The cold war initially centered on the use of USSR military
forces to install Communist governments in Eastern Europe. These Soviet
actions ran counter to the U.S. government's insistence upon the right of
self-determination for the peoples of Eastern Europe and raised fears that
the USSR, after gaining control of Eastern Europe, would try to communize
Western Europe. The USSR had suffered enormous losses in the war against
Nazi Germany and looked upon Eastern Europe as a bulwark against another
invasion from the West. The Soviet leaders considered U.S. objections to
Soviet actions in Poland, Hungary, and Romania a betrayal of wartime
understandings about spheres of influence in Europe. Thus they placed
Eastern Europe behind a military and political barrier known in the West
as the Iron Curtain.
Political differences were exacerbated by
ideological conflict. The Marxist-Leninist Soviet leaders believed that
capitalism would inevitably seek the destruction of the Soviet system. In
the United States, a long-standing suspicion and dislike of communism
strengthened the view that the USSR was intent on expansion and world
conquest.
The Struggle over Germany Meanwhile,
competition began for control of Germany and other strategic points such
as the Dardanelles, the straits linking the Black Sea with the Aegean and
the Mediterranean. Soviet pressures on Greece and Turkey led President
Harry Truman to declare in March 1947 that the United States would give
economic and military aid to those countries and would also "support free
peoples who are resisting attempted subjugation by armed minorities or by
outside pressures".
The announcement in June 1947 of the U.S.
Marshall Plan to restore the faltering economies of Western Europe -
including that of West Germany - prompted a series of ripostes from the
Kremlin.
In February 1948 the democratic government of
Czechoslovakia was overturned by a Communist coup; in May 1948 Soviet
authorities severed all Western land-access routes to Berlin. Only the
success of air cargo planes in supplying West Berlin, isolated within the
Soviet zone of occupation that later became East Germany, permitted the
United States to resist the Soviet pressure.
In 1949 the Western
powers entered into a military agreement that led to the formation of the
North Atlantic Treaty Organization (NATO), designed to establish a
military counterweight to the Soviet forces in Europe.

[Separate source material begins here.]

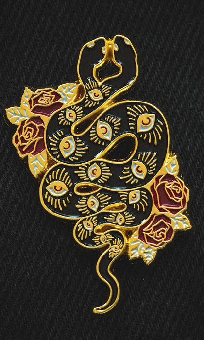 This magical enamel pin features a two headed snake with illuminated eyes adorning its coiled body. On each side of the snake are beautiful red roses.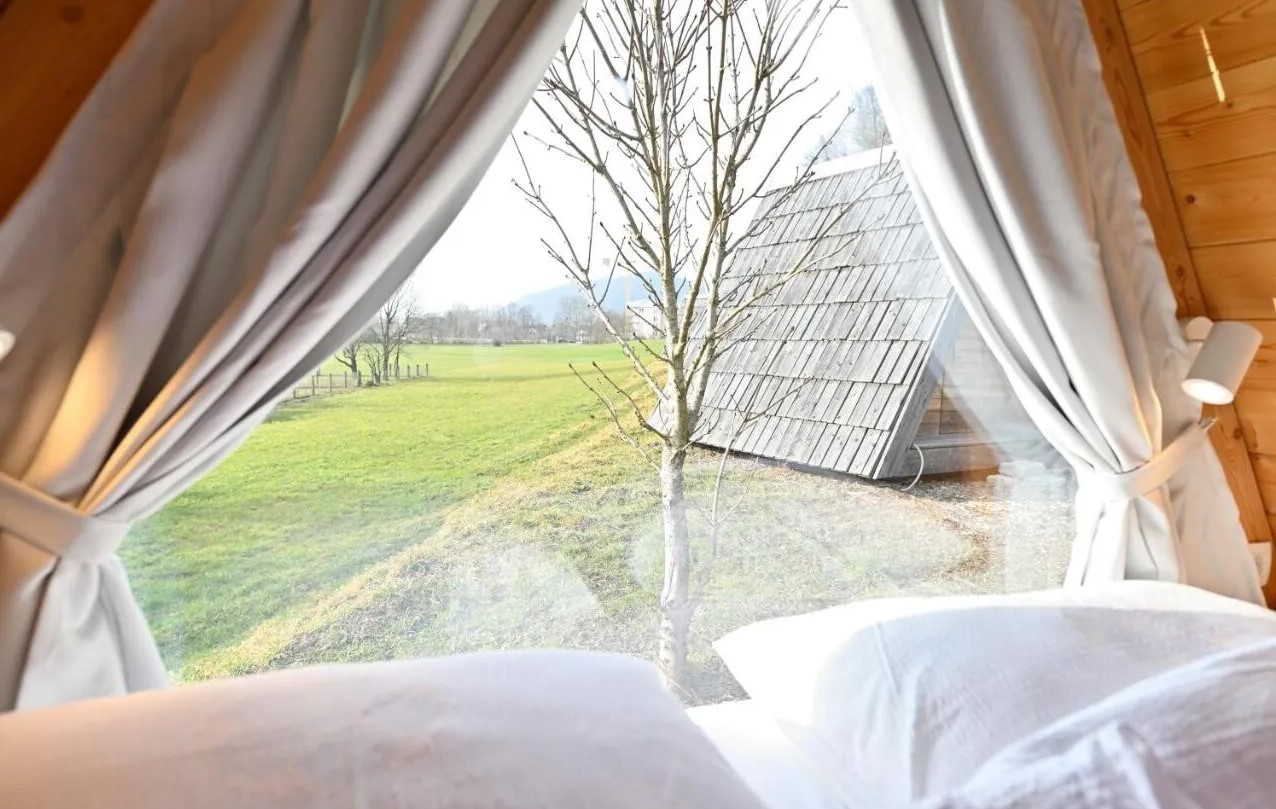 At Krištof, you can stay in one of the numerous wooden-clad apartments with two to four beds or in double-bed glamping villas in the midst of a meadow. In both cases, you’ll be greeted in the morning by fresh air and an organic breakfast featuring milk from Velika Planina and eggs from locally raised free-range hens.

Meanwhile, in
China, a long civil war ended with the victory of Communist forces under
Mao Zedong (Mao Tse-tung) in 1949.
War in Korea The first
phase of the cold war culminated in the North Korean invasion of South
Korea on June 26, 1950, resulting in U.S. involvement in a land war in
Asia.
The initial reverses of the Western forces, the subsequent
introduction of Chinese troops into the conflict on the side of North
Korea, and the inability of the Truman administration to bring the war to
an end froze American public opinion in a state of hostility that made
normal relations with any Communist government
impossible.
Competing Strategies To meet these
challenges, each side fashioned a strategy. The U.S. strategy was called
"containment", a term first used by the U.S. diplomat and Soviet expert
George F. Kennan in arguing that Soviet expansionism might be contained by
a strategy of responding to Soviet pressures and probes wherever they
occurred. Kennan's thesis was strongly supported by Secretary of State
Dean Acheson, who called for increased military power for NATO. This
policy appeared to the USSR as one more Western effort to isolate and
undermine the Soviet system. The Kremlin adopted a strategy of retaliation
against U.S. containment.
During the 1950s, Washington's policy was
shaped by the more militant John Foster Dulles. The United States sought
to anticipate and prevent further Communist gains by maintaining
overwhelming military superiority, by forming new alliances in Asia (the
Southeast Asia Treaty Organization) and in the Middle East (the Central
Treaty Organization), and by extending economic and military assistance to
any country thought to be in danger of attack or subversion by Communist
forces.
Relations between the two powers improved somewhat
following Joseph Stalin's death in 1953. The wars in Korea and French
Indochina were brought to an end, and the first postwar summit meeting of
Soviet and Western leaders was held in Geneva in July 1955. But no more
than a surface thaw was achieved. After Nikita Khrushchev's consolidation
of power in 1956, the USSR embarked on two new strategies. The first
involved economic and military competition with the United States for
influence with Arab and Third-World countries such as Ghana, Egypt, India,
and Indonesia. This strategy evolved into Soviet support for colonial
revolutions, or "wars of national liberation", and for left-wing
governments in Guatemala and Cuba. The second strategy, based upon Soviet
development of intercontinental ballistic missiles, was to divide the
Western powers by renewing Soviet pressure to eject the West from Berlin.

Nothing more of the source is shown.